Katrina, age 21, had been sexually abused by her father from the age of five to thirteen. Not only did she lose her trust in male figures, but also female ones as well. Her mother, Katrina believed, had allowed the abuse to take place, even though there was no evidence corroborating this.
Katrina stated, "I wanted to get back at the world for hurting me. The day before my sixteenth birthday, I remember my mother looking into the mirror at her stomach. I smiled, you know, maliciously, and thought to myself, ‘I’ll make her feel like an old, fat hag!’ That’s when I decided to start losing weight! I didn’t start starving until about two years ago." Katrina had lost any feelings of security and safety around older guardian figures and had also developed a need for vengeance against the crime that had been committed against her.
Think of your Katrina. What are his or her opinions towards parental figures?
Concept #2 - Skewed Sexuality
Elizabeth, age 19, was five-foot-nine and weighed 95 pounds. When she first came into the office, she was wearing a very short min-skirt, which she constantly pulled up, and a low cut blouse. In later sessions, she would reveal that she had been raped by her father, Tom, from the age of seven to twelve. Elizabeth stated, "I want to be valued by my appearance. I want to feel interesting and attractive or else I’m not worth shit."
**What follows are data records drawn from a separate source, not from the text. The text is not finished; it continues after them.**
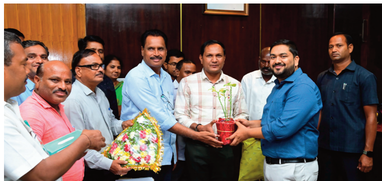
ముద్ర ప్రతినిధి, నాగర్ కర్నూల్:

పదో తరగతి ఫలితాల్లో నాగర్ కర్నూల్ జిల్లా రాష్ట్ర స్థాయిలో ద్వితీయ స్థానాన్ని సాధించి విశేష ప్రతిభ చాటుకుంది. మొత్తం 10,641 మంది విద్యార్థులు పరీక్షలకు హాజరు కాగా, 10,538 మంది ఉత్తీర్ణత సాధించారు. జిల్లాలోని 254 పాఠశాలల్లో 208 పాఠశాలలు 100 శాతం ఫలితాలు సాధించగా, వాటిలో 149 ప్రభుత్వ పాఠశాలలు ఉండటం ప్రత్యేకత. అలాగే 20 కేజీబీవీ
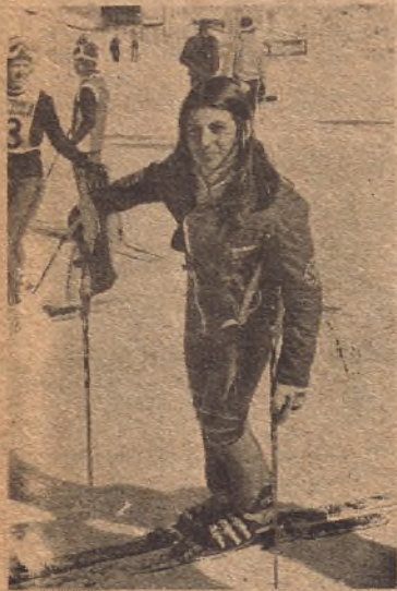
LAS PRUEBAS Y SU DESARROLLO
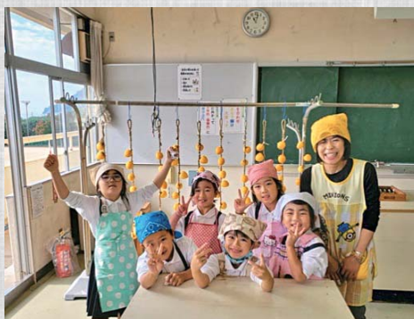
小学校1年生と干し柿作り
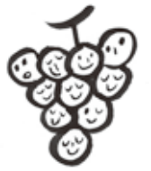
illustration: Sato Kumiko
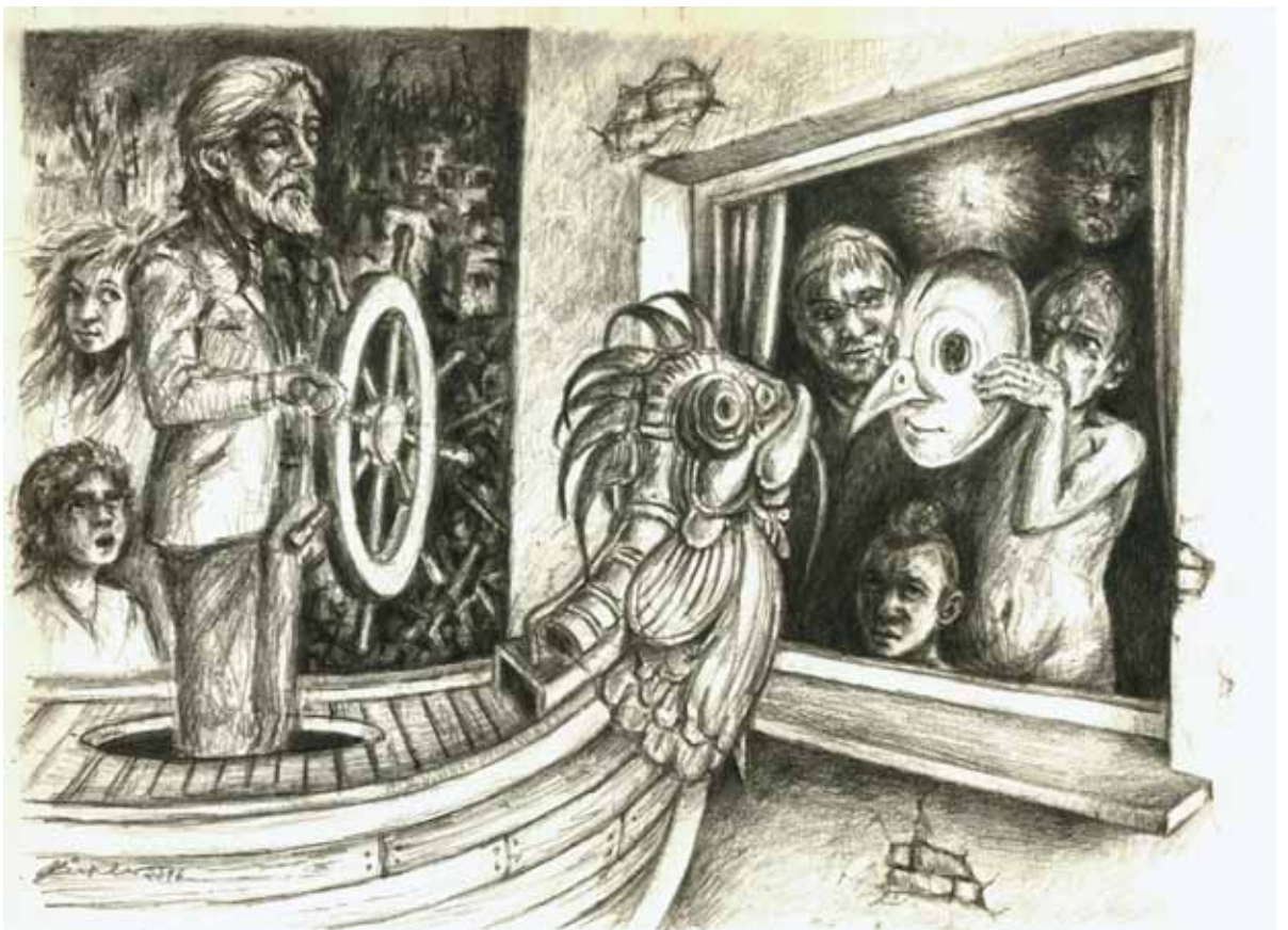
„Ankunft 2“ Bleistift 29 x 20 cm

I stated, "Also, I think you may be testing people to see if they will exploit you as your father exploited you. If they do respond with sexual interest or advances, you're on home ground. It means you are physically ‘used’, but you’re used to that. You don’t know whether to be so thin that men won’t want you or to get even with other women by being thinner than they are. You both want to be exploited, but at the same time trying to prevent it." Think of your Elizabeth. How has his or her skewed sexuality resulting from incest affected his or her anorexia?
Concept #3 - Learned Defenses
The abused anorexic client will sink deeper into these layers of mental defenses and ideas, which will make "compensation" for his or her original damage unacceptable. Just as anorexia has completely usurped the client’s identity, so too does the memory of incest parasitically live off of the client and reconfirms his or her lack of self-worth.
Technique: Displacing Guilt
She stated, "It was all my fault! When we were younger, Shane had a temper and he would have mood swings. When he was angry, he would tie me down and beat me! He’s eight years older than me, so you can imagine how much his beatings hurt. When he was in a good mood, we would do ‘sex play.’ Sometimes I was aroused by it and I soon got used to the guilty feelings afterwards! I didn’t tell my parents because whenever he was in a good mood, my parents were happy too."
Because Tonya believed it was her duty to keep her brother in a good mood, she felt an extreme amount of guilt and responsibility for allowing the abuse to take place. To help Tonya relieve her own sense of guilt, I suggested she try the exercise "Displacing the Guilt." In this exercise, I asked Tonya to write a letter to herself and to her brother. I asked that she concentrate on lifting the blame from herself, as she was just a young child, to her brother, who was older and understood right from wrong.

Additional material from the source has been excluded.